A potential solution
Learning from its experience in the stationary engine market, Tecogen is exploring how it can apply its patented emissions-control technology to help the transportation industry. The company believes the chemistry will translate effectively for any engine platform that utilizes a rich-burn, spark-ignited internal combustion engine and a conventional catalyst after-treatment system.
Late last year, Tecogen formed a joint venture company, Ultra Emissions Technologies Ltd., with a group of European strategic investors to advance the technology. AVL North America, the leader in the global vehicle testing and verification space, is in the process of performing testing and validation of the Ultera technology for automotive applications. This non-invasive technology could be the cost-effective answer for auto manufacturers that have come under scrutiny for not meeting current emissions standards – let alone even stricter standards that are slated to take effect beginning in 2017.

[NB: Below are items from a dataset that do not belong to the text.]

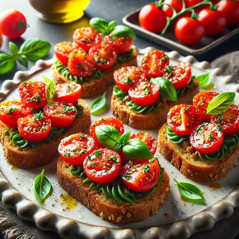 𝐁𝐫𝐮𝐬𝐜𝐡𝐞𝐭𝐭𝐞 𝐚𝐥 𝐏𝐨𝐦𝐨𝐝𝐨𝐫𝐨 𝐞 𝐁𝐚𝐬𝐢𝐥𝐢𝐜𝐨: Prepara delle mini bruschette con pane integrale tostato. Sopra, aggiungi pomodorini freschi tagliati, basilico tritato, sale, pepe e una generosa spruzzata di olio extravergine di oliva. Sono facili da trasportare e perfette per uno snack veloce sotto l’ombrellone.
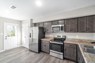 **1ST TWO WEEKS FREE RENT!** These townhomes features beautiful brick & vinyl construction in the front and back of each unit. Inside the open front room LVT flooring, fresh greige tone paint with white trim accents. There's an eat-in kitchen with a large pantry & laundry room with connections. Guest bath is located between the living room & kitchen area. Upstairs features new plush carpet bedrooms each with their own private full bath. Up to 2 pet are welcome, 40 Lbs. combined weight or less, pet fees and restrictions apply. *$50 Monthly Water Fee **All pictures of Apartments, Townhomes, and Condos are for advertisement purposes only. View unit before securing.
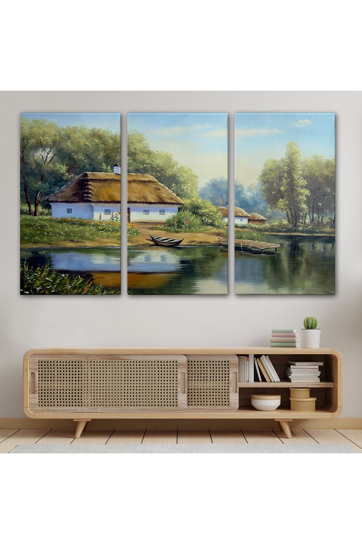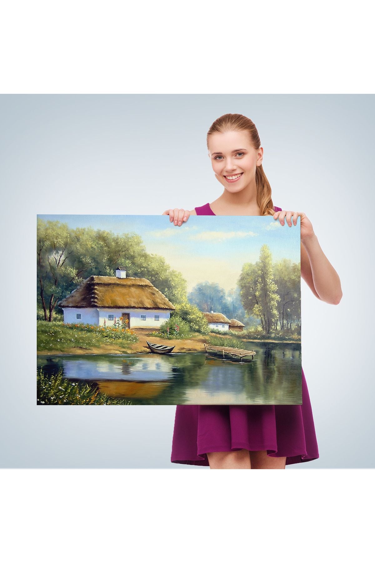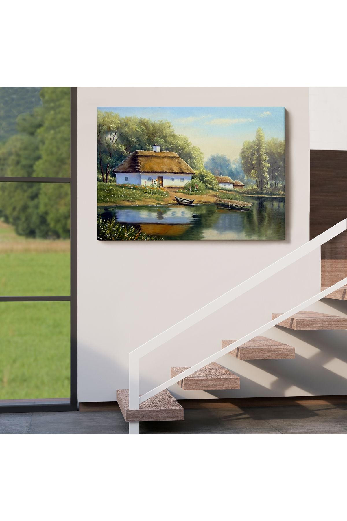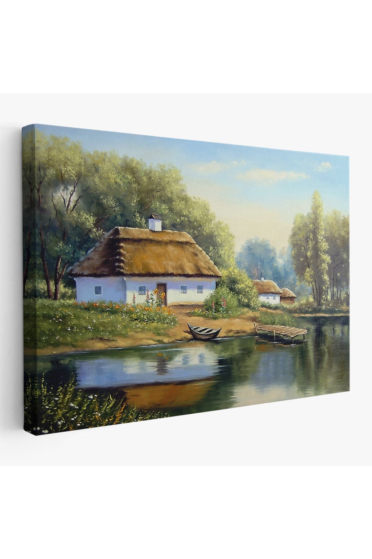 Göl Manzaralı Köy Evi Yağlıboya Görünüm Dekoratif Kanvas Duvar Tablosu-3510

The emission of pollutants into the environment has always been an issue, but thanks to California regulators, the EPA and high-profile cases such as Volkswagen’s, it has become a recognized problem among a broader audience.
As more and more cars are added to the world and air quality-related illnesses (like asthma) continue to increase in emerging markets like India and China, the problem of emissions control will only take on more urgency. Adhering to strict regulations is changing the manufacturing industry, which now has to re-allocate funds to R&D to explore the problem. Thanks to forward-thinking organizations committed to clean-energy solutions, I’m confident that we’ll find a solution for automakers that will enable them to return to business as usual – manufacturing the cars of the future.
Bob Panora has served as president and COO of Tecogen, Inc since 2000. He had been General Manager of Tecogen's Product Group since 1990 and Manger of Product Development, Engineering Manager, and Operations Manager of the Company since 1984. Over his 27-year tenure with the company, he has been responsible for sales and marketing, engineering, service, and manufacturing.